Task directions
Two lines in the data below mark the range: the one with "カップ作業（i-プロジェクト）" and the one with "MERCREDI 2 MAI, 15H". Return both, along with every line between them, exactly.

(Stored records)
= Beginning of Section =
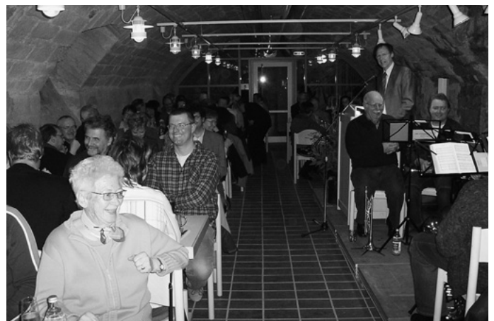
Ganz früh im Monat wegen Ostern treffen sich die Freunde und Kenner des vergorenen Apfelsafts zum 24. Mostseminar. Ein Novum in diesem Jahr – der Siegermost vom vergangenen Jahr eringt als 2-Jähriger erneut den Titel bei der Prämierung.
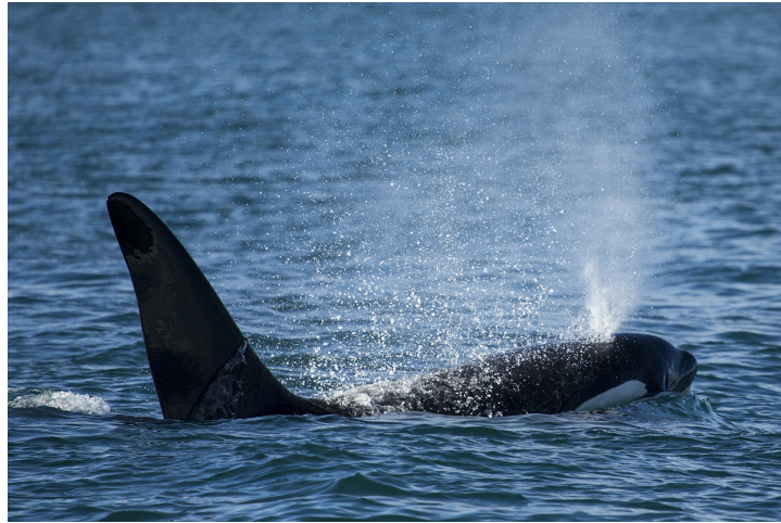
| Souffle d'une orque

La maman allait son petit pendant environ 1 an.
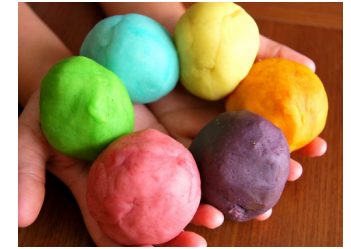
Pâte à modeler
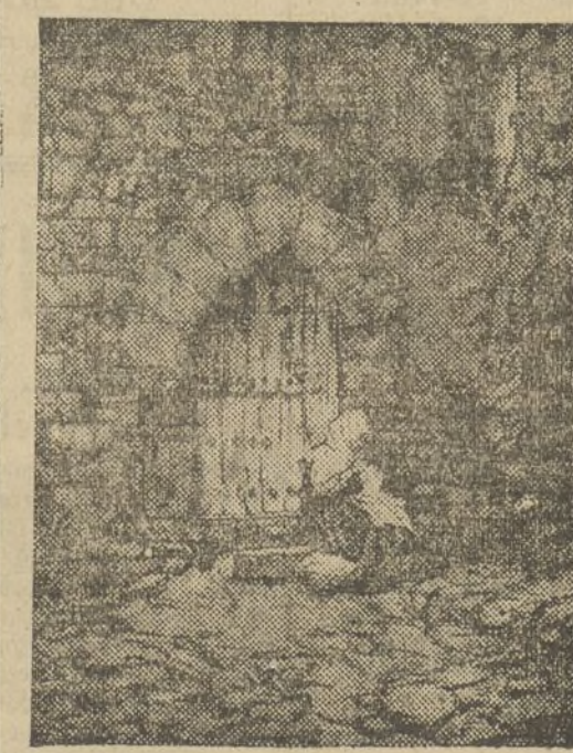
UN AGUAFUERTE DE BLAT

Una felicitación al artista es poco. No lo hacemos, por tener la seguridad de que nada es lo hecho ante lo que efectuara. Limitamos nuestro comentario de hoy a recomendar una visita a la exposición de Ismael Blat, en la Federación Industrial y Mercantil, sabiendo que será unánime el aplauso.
= End of Section =
= Beginning of Section =
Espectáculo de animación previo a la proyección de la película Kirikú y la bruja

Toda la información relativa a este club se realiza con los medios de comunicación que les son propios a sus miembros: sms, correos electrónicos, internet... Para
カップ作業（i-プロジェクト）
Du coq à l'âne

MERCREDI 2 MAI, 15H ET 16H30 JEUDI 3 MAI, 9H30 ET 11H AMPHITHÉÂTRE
= End of Section =
= Beginning of Section =
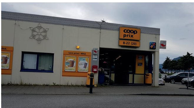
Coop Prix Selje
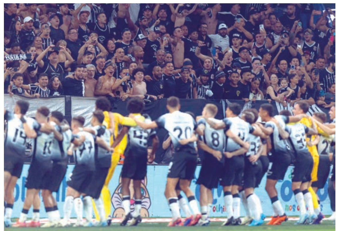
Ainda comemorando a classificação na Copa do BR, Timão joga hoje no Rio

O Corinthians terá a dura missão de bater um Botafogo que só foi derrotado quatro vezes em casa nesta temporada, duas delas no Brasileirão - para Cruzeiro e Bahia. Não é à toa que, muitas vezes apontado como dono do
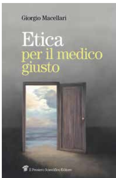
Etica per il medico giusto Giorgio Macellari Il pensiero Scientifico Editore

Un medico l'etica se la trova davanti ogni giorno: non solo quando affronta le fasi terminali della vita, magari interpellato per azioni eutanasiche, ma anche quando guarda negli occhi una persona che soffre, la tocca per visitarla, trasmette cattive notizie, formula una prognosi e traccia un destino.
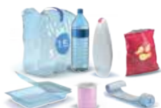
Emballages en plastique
= End of Section =
Solution below
カップ作業（i-プロジェクト）
Du coq à l'âne

MERCREDI 2 MAI, 15H ET 16H30 JEUDI 3 MAI, 9H30 ET 11H AMPHITHÉÂTRE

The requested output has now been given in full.